Yes, I am saying the world I live in is a low-budget commercial movie made without literary or artistic pretensions. You know, the kind where movie makers learn their craft, taking big risks with smaller consequences, and making the world of their picture reflect their heart rather than the producer’s lust for money.

Mostly what I am talking about are the movies I remember from late-night Saturday TV in black and white (regardless of whether or not the movie was made in Technicolor) and the less-risky as well as more-likely-good Saturday matinees on Channel 3. Movies made in the 1950s, 1960s, and early 1970s. They were perfect, of course, for the forbidden Midnight Movie on the show called Gravesend Manor. I had to sneak downstairs to watch it on Saturday nights with the volume turned way down low. (Not that Mom and Dad didn’t know. Well, maybe they didn’t know how many of those I watched completely naked… maybe.)

I watched this one when I was twelve, late night on an October Saturday. I had a bed-sheet with me to pull over my head at the scariest parts. Frankenstein was a crashed astronaut brought back to life by the magic of space radiation. He was uglier than sin, but still the hero of the movie, saving the Earth from invading guys in gorilla suits and scary masks (none of which looked like the movie poster.)

This one, starring James Whitmore, a really good B-Movie actor, was about giant ants coming up from the sewers and the underground to eat the city.
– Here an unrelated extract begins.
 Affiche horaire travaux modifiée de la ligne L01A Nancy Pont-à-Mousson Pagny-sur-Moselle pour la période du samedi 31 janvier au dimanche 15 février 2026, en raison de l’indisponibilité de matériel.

I would end up watching it again twenty years later when I was wearing clothes and not alone in the dark house lit only by a black-and-white TV screen.
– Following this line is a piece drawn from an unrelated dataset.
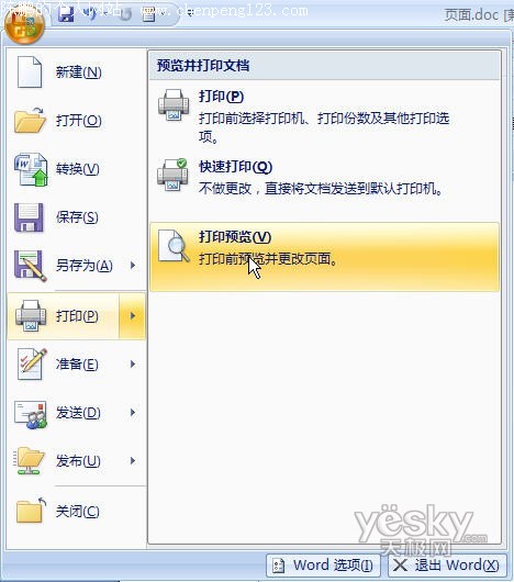 点击Office按钮,在弹出的菜单中选择“打印-打印预览”菜单命令,调出打印预览对话框。

I realized on the second viewing that it was actually a pretty good movie in spite of cheesy special effects. And I realized too that I had learned from James Whitmore’s hero character that, in times of crisis, you have to run towards the trouble rather than away from it, a thing that I used several times in my teaching career with fights and tornadoes and even rattlesnakes visiting the school campus looking to eat a seventh-grader or something (though it was a bad idea for the snake even if it had been successful.)
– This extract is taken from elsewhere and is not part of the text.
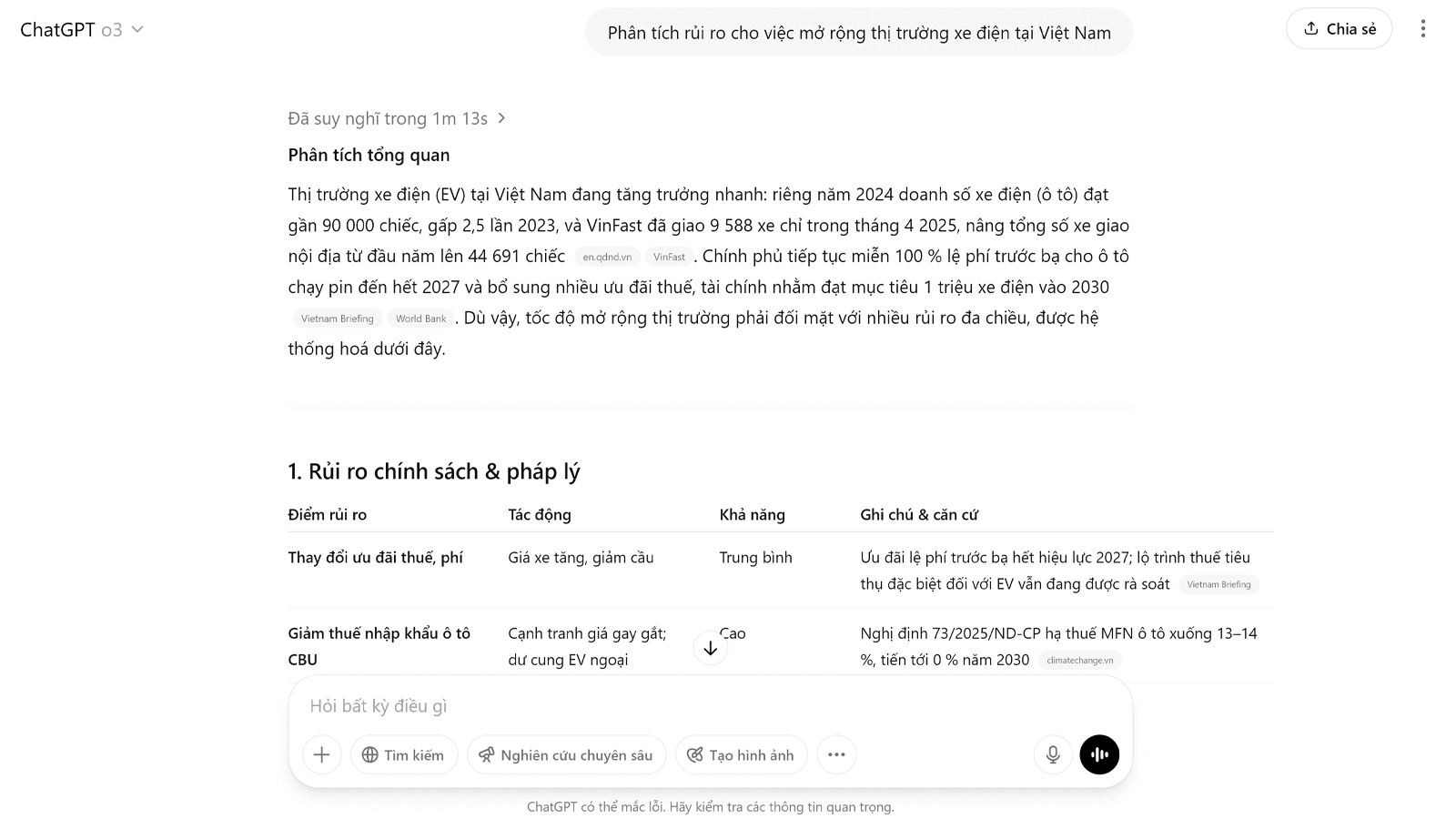 Khi đối mặt với những vấn đề đòi hỏi sự tổng hợp thông tin từ nhiều nguồn, suy luận đa tầng và phân tích chuyên sâu, OpenAI o3 là mô hình mạnh mẽ nhất. Nó chuyên về lập luận logic, phân tích kinh doanh toàn diện, viết mã phức tạp, giải toán nâng cao và phân tích hình ảnh. Khả năng đáng chú ý của o3 là tự động sử dụng các công cụ (tìm kiếm web, phân tích tệp) để thực hiện nhiều tác vụ, biến nó thành một “đặc vụ AI” thực thụ.

This one, of course, taught me that monsters liked to carry off pretty girls in bikinis. And not just on the poster, either. But it was the hero that got the girl, not the monster. This movie taught me that it sucks to be the monster. Though it also taught me that it was a good movie to take your pajamas off for and watch naked when you are thirteen.

But not all B-movies had to be watched late night on Saturdays. This movie was one of the first ones that I got to go to the movie theater to see by myself. (My sisters and little brother were still too young and got nightmares too easily to see such a movie.) It came out when I was in my teens and Mom and Dad began thinking of me as an adult once… or even possibly twice in a month.

And not all B-movies were monster movies, gangster movies, and westerns. Some, like a lot of Danny Kaye’s movies, were movies my Dad and my grandparents were more than happy to watch with me. I saw this one in both black-and-white and color. And I learned from this that it was okay to take advantage of happy accidents, like a case of mistaken identity, and using your wits, your creative singing ability, and your inexplicable good luck to win the day for everybody but the bad guys armed only with your good sense of humor.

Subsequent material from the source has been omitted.